Supplied entries:
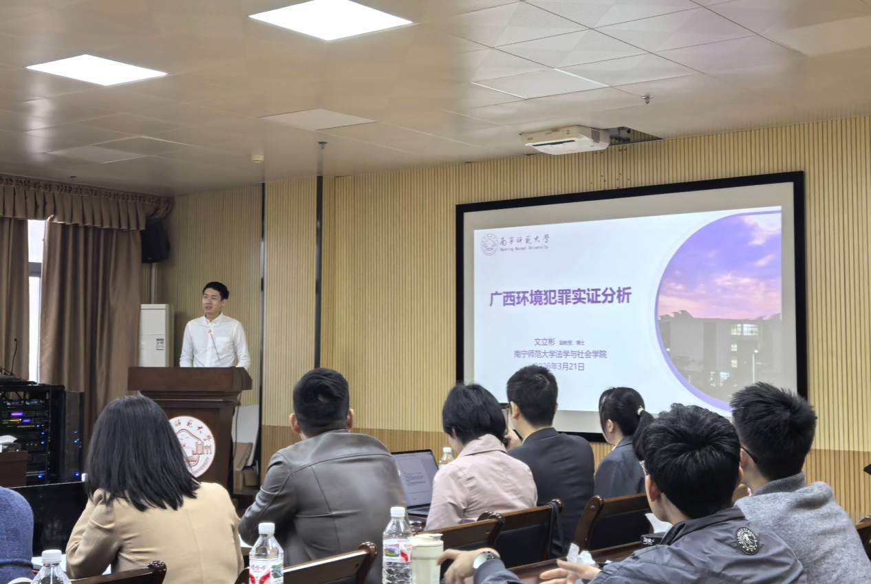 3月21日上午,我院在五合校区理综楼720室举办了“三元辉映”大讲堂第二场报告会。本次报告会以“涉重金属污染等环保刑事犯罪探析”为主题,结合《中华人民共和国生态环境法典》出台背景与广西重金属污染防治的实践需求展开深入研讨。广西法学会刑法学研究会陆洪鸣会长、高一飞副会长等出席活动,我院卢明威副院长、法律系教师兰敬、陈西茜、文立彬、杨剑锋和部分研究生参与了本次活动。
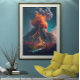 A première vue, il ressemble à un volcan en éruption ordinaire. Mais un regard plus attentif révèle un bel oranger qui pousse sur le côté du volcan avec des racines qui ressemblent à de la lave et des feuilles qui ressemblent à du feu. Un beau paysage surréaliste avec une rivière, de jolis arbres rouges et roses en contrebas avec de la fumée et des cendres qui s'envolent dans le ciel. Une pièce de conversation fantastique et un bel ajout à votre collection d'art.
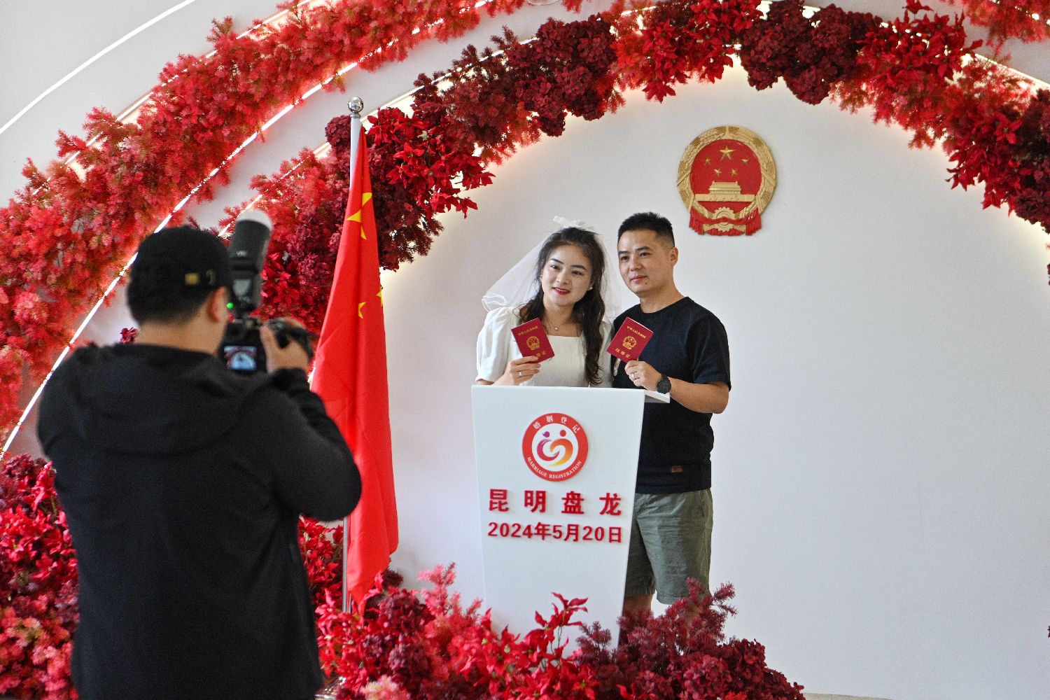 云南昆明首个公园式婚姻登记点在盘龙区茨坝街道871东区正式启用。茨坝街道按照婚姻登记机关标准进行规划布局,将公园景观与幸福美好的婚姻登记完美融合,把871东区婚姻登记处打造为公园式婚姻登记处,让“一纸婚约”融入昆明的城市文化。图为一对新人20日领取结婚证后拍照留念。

* * *

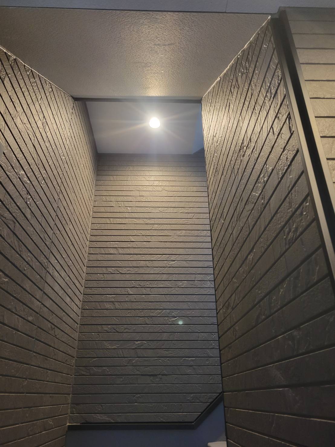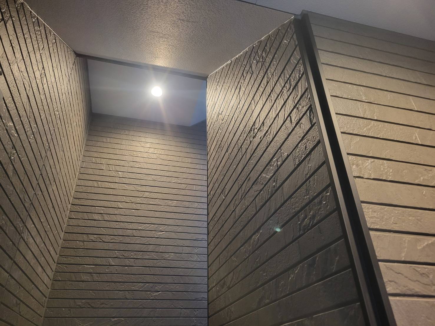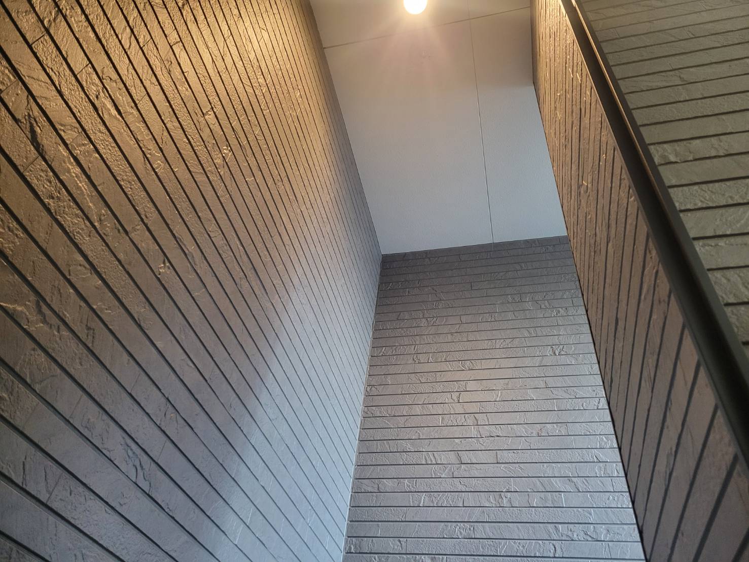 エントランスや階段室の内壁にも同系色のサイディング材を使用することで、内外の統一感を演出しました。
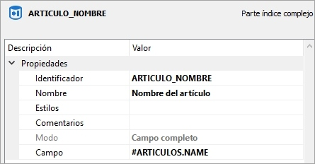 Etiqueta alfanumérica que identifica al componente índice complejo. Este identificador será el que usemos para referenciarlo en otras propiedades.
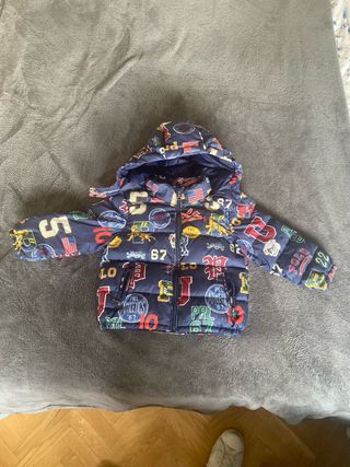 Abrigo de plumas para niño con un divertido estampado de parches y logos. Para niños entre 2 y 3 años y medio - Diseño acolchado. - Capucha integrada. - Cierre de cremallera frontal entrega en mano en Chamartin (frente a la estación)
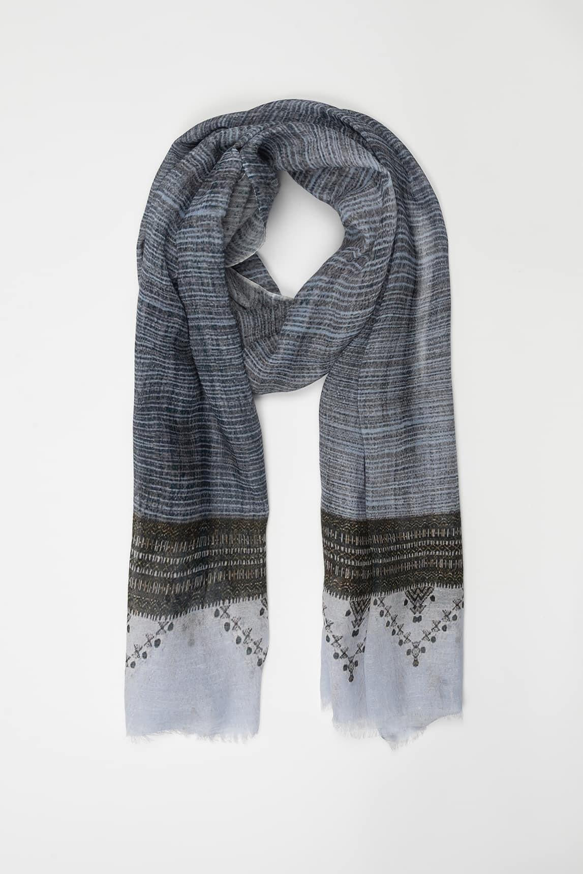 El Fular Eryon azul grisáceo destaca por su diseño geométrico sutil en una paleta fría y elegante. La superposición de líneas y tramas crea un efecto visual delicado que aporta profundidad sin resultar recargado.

Work request:
If a picture sits between the line containing "3月21日上午,我院在五合校" and the line containing "云南昆明首个公园式婚姻登记点", leave it out, and return the lines of that range above exactly, both ends included.

Completed exercise:
 3月21日上午,我院在五合校区理综楼720室举办了“三元辉映”大讲堂第二场报告会。本次报告会以“涉重金属污染等环保刑事犯罪探析”为主题,结合《中华人民共和国生态环境法典》出台背景与广西重金属污染防治的实践需求展开深入研讨。广西法学会刑法学研究会陆洪鸣会长、高一飞副会长等出席活动,我院卢明威副院长、法律系教师兰敬、陈西茜、文立彬、杨剑锋和部分研究生参与了本次活动。
 A première vue, il ressemble à un volcan en éruption ordinaire. Mais un regard plus attentif révèle un bel oranger qui pousse sur le côté du volcan avec des racines qui ressemblent à de la lave et des feuilles qui ressemblent à du feu. Un beau paysage surréaliste avec une rivière, de jolis arbres rouges et roses en contrebas avec de la fumée et des cendres qui s'envolent dans le ciel. Une pièce de conversation fantastique et un bel ajout à votre collection d'art.
 云南昆明首个公园式婚姻登记点在盘龙区茨坝街道871东区正式启用。茨坝街道按照婚姻登记机关标准进行规划布局,将公园景观与幸福美好的婚姻登记完美融合,把871东区婚姻登记处打造为公园式婚姻登记处,让“一纸婚约”融入昆明的城市文化。图为一对新人20日领取结婚证后拍照留念。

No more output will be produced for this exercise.